#### [What you will do]
Only the lines from the one containing "城の近くにダムがあります。う" to the end of the data below belong in the answer, each repeated exactly; no pictures.

Start of Exercise input

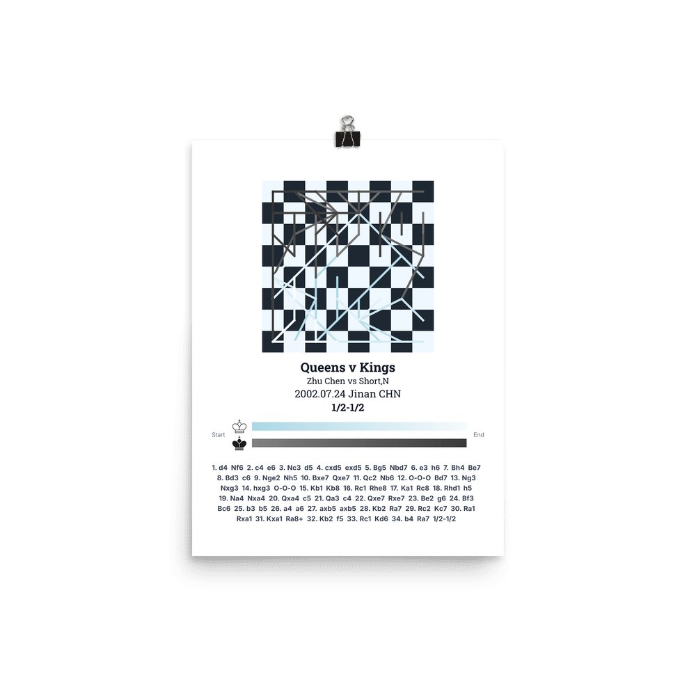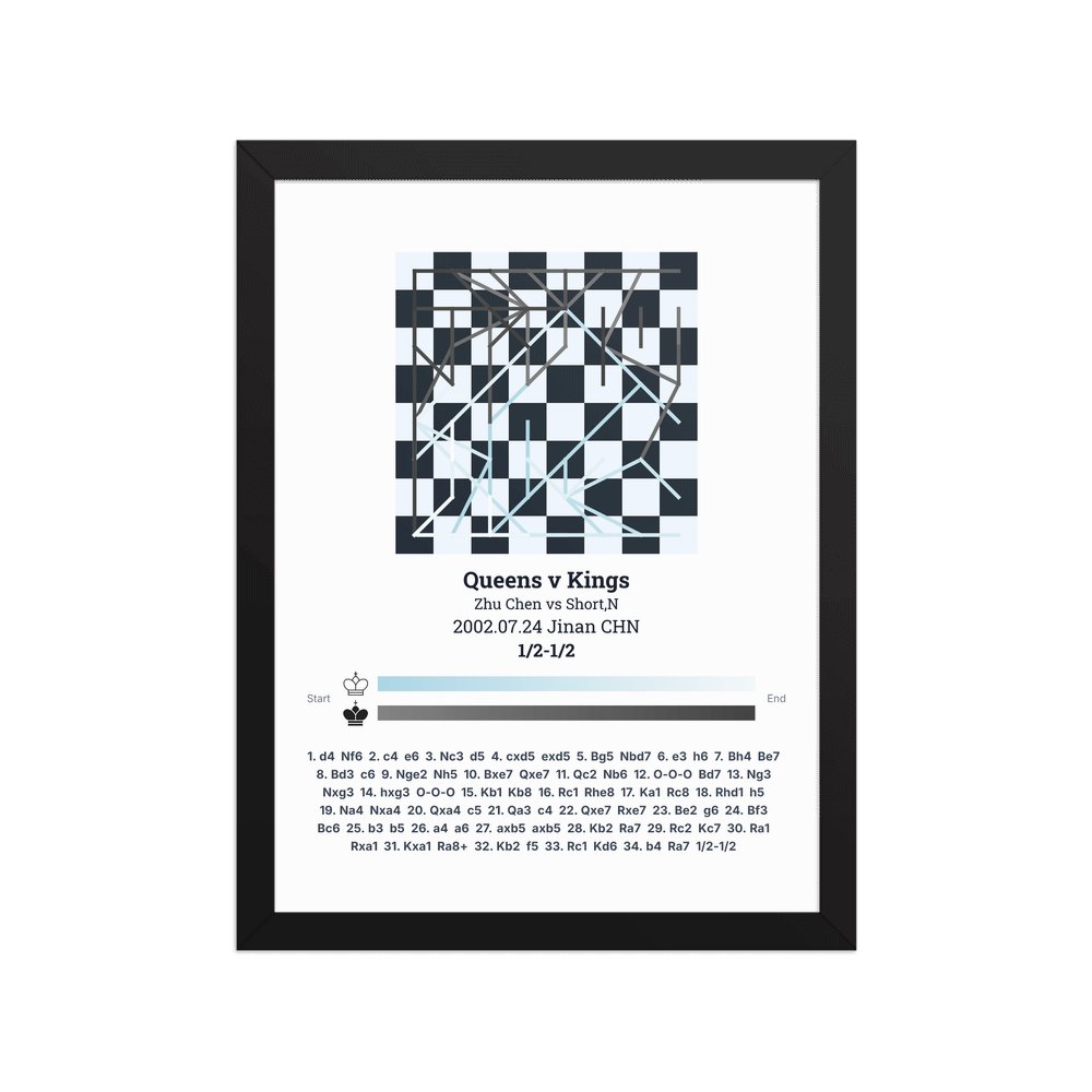 Museum-quality poster on thick, durable matte paper. A sharp, clean look for any chess visualisation.
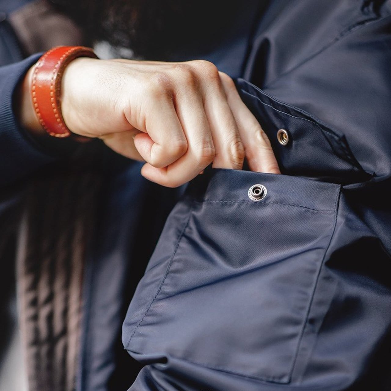 程よく光沢のあるナイロン素材が、ミリタリー由来の無骨さを残しつつも都会的な印象に仕上げています。
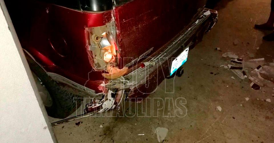 Altamira, Tamaulipas. - Dos personas lesionadas y cuantiosos daños materiales, dejó como saldo un aparatoso accidente vial provocado por un jovencito al volante de una camioneta y se estrelló contra un departamento del Fraccionamiento Valle Esmeralda en Altamira.
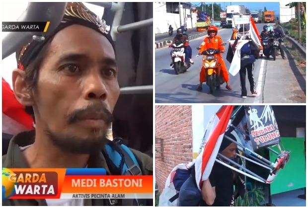 Medi Bastoni (43) počeo je svoju napornu ekspediciju 18. jula iz svog sela na obronku planine Vilis, neaktivnom vulkanu u indonežanskj provinciji Istočnoj Javi, koja je pogođena ogoljavaljem šuma.
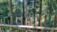 城の近くにダムがあります。うっそうとした林という感じですが、ところどころ遺構が残っていました。スタンプは城からかなり離れた場所にあります。 |
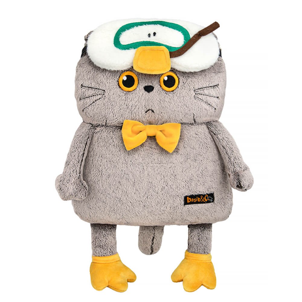 )Кот Басик подушка с забавной маской для сна в виде Гусика в плавательной маске и с трубкой. Также на Басике милые тапки в виде лапок гуся из софта охристого цвета.

End of Exercise input

#### [Solution for this problem]
 城の近くにダムがあります。うっそうとした林という感じですが、ところどころ遺構が残っていました。スタンプは城からかなり離れた場所にあります。 |
 )Кот Басик подушка с забавной маской для сна в виде Гусика в плавательной маске и с трубкой. Также на Басике милые тапки в виде лапок гуся из софта охристого цвета.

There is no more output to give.